The next thing I thought of was getting a government handout. During the Great Depression Roosevelt set up a whole series of public works projects that gave relief to the millions of unemployed men roaming the countryside, including the famed Federal Writers Project. Under the FWP, thousands of young literary types were paid to travel around the country and describe the places they saw — perfect for impractical humanities majors like myself.
The problem here, though, is the Internet, that amorphous little beast that shares information for free and enrages journalists and publishers everywhere. What’s the point of buying a travel guide when you can just log onto Wikipedia? Not to mention that books are way out of vogue these days. So I’m stumped by modernization again.
My last great idea — and I still haven’t totally lost faith in this one — is to go into a life of crime. Consider the biggest names of the thirties: Bonnie and Clyde, Al Capone, Lucky Luciano. They all carried guns and ran from the coppers. Aided by Prohibition, these gangsters and ne’er-do-wells thrived while others starved. I figured I might start a little drug cartel and see how things go: I’d run a clean business, not killing or maiming more than was necessary, and keeping my name free from suspicion. I think I’d do quite well, really—after all, people turn to drugs when they’re upset, and there’s going to be a whole lot of upset-ness in the coming years.

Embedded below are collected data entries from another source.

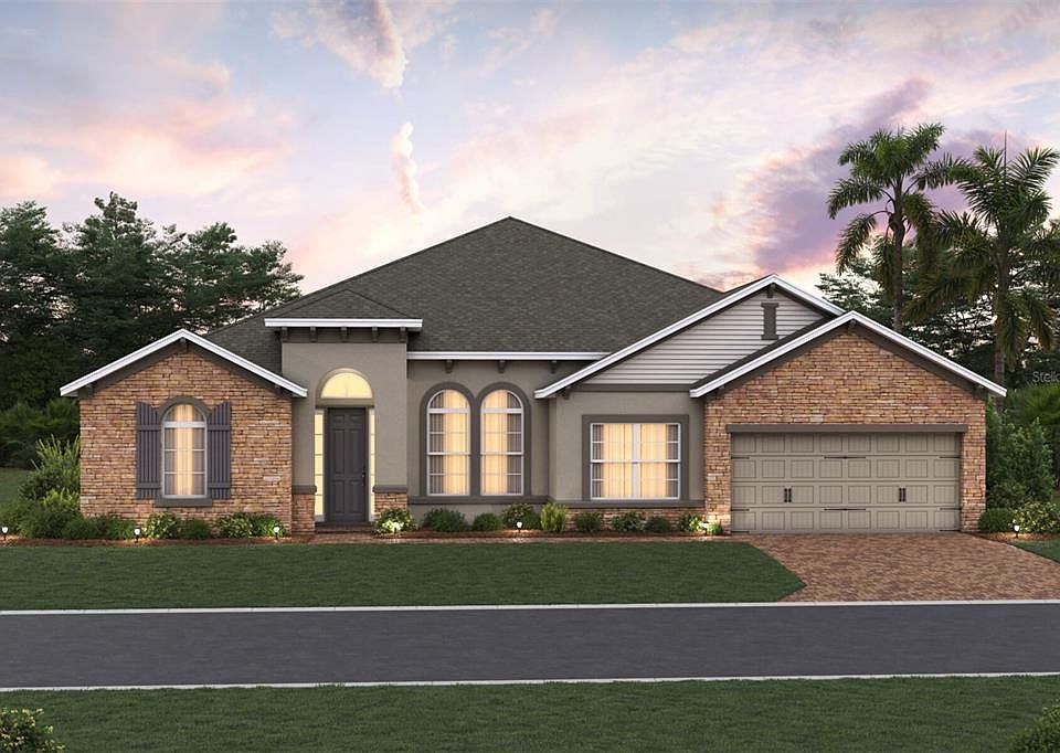 Under Construction. With this Mediterranean-inspired, single-story home, the possibilities are endless! As you enter, you will notice the panoramic view of the open-concept great room and kitchen, which separate the secondary bedrooms from the owner's suite. A separate living room and dining room work well for those wanting a traditional home feel or the convenience of a home office. Sliding glass doors off the family room lead out to the massive covered lanai, making this home an entertainer's delight. The owner's suite is a retreat of its own, with its en-suite bathroom with a soaking tub, a separate shower, and two vanities. There are also has two large walk-in closets and a separate linen closet, offering plenty of storage. The secondary rooms are located on the opposite side of the home, two of which share a Jack-and-Jill bathroom. A hall linen closet and pool bath are perfect for those days spent outdoors, as the bath leads directly out to the massive recessed lanai. Contact us to learn more about making this home yours today!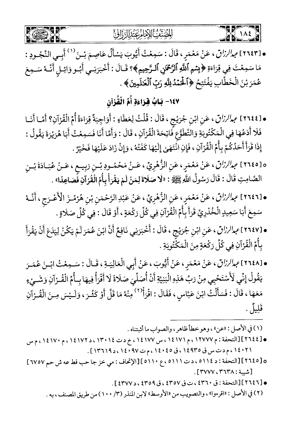 2643- عبد الرزاق، عَنْ مَعْمَرٍ، قَالَ: سَمِعْتُ أَيُّوبَ يَسْأَلُ عَاصِمَ بن أَبِي النَّجُودِ: مَا سَمِعْتَ فِي قِرَاءَةِ: بِسْمِ اللهِ الرَّحْمَنِ الرَّحِيمِ؟ قَالَ: أَخْبَرَنِي أَبو وَائِلٍ، أَنَّهُ سَمِعَ عُمَرَ بن الْخَطَّابِ يَفْتَتِحُ: {الْحَمْدُ للهِ رَبِّ الْعَالَمِينَ}.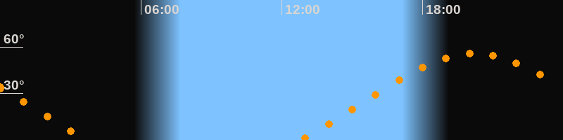 | Aufgang | 12:45 Uhr im Nordosten (αAz = 62,5°) |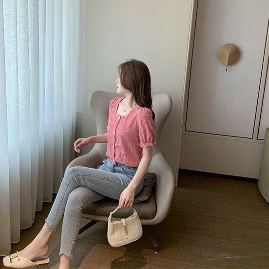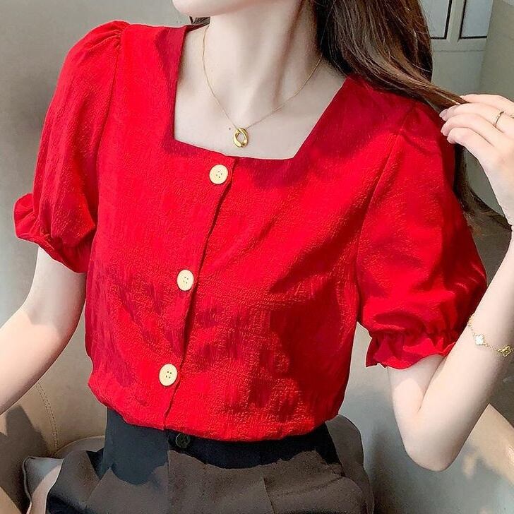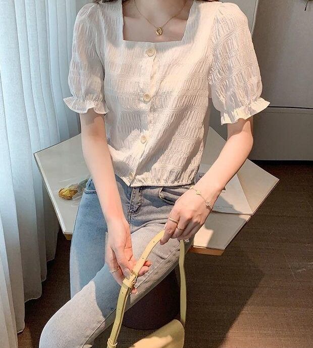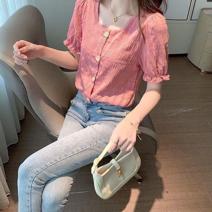 トップス シャツ ブラウス ショート丈 クロップド丈 袖あり 半袖 パフスリーブ スクエアネック スリム シフォン 前開き 透け感 薄手 かわいい 大人可愛い きれいめ シンプル カジュアル 大人 上品 お洒落 大人女子 こなれ感 ガーリー 主役級 とろみ感 抜け感 無地 春 夏 20代 30代 40代 ママ 通勤 通学 デート お出かけ 女子会 休日 旅行 着回し 普段使い 韓国系 オルチャン モテ 脚長 定番 トレンド インスタ映え S M L XL ピンク ホワイト レッド | Raforea

Seems like a safe bet.
But what’s that they say? “If you commit a crime, be ready to do the time.” And I am not, alas, capable of spending time in prison. My mental well-being, not to mention that of certain other areas of my body, depends on a violation-free environment. So I’m back at square one, and the depression’s got me depressed.
Maybe this calls for communal action. We got out of the last depression by getting into World War II, so maybe we could start a global conflict and hope the economy is saved that way. Russia would be a bit too messy with all those nukes and Iran is just too cliché, but perhaps we could go at it with Canada — what with Canadian Bacon and South Park: The Movie, we’ve already rehearsed it enough times. Sounds promising.
The world might be a bit turned off the whole “America goes to war thing,” though. Bush and his cronies have painted us into a corner where we probably won’t be able to stage a good old invasion for another twenty years or so without sparking a big backlash, and a war’s no fun unless you’ve got allies. Damn.
How about this whole green technology thing, then? The likes of Thomas Friedman and Barack Obama have been sounding off about it for some time now, and they seem to think it’s the industry of the future. Should we invest our efforts there and hope that classic American ingenuity gets it done?
Perhaps … but wait — I’ve just had a thought. What type of person never has to get a job and often gets paid to do whatever they want? Graduate students, that’s who!
And so I’ve found my path, and my economic worries are allayed. If you want to weather the depression, don’t be a fool: stay in school.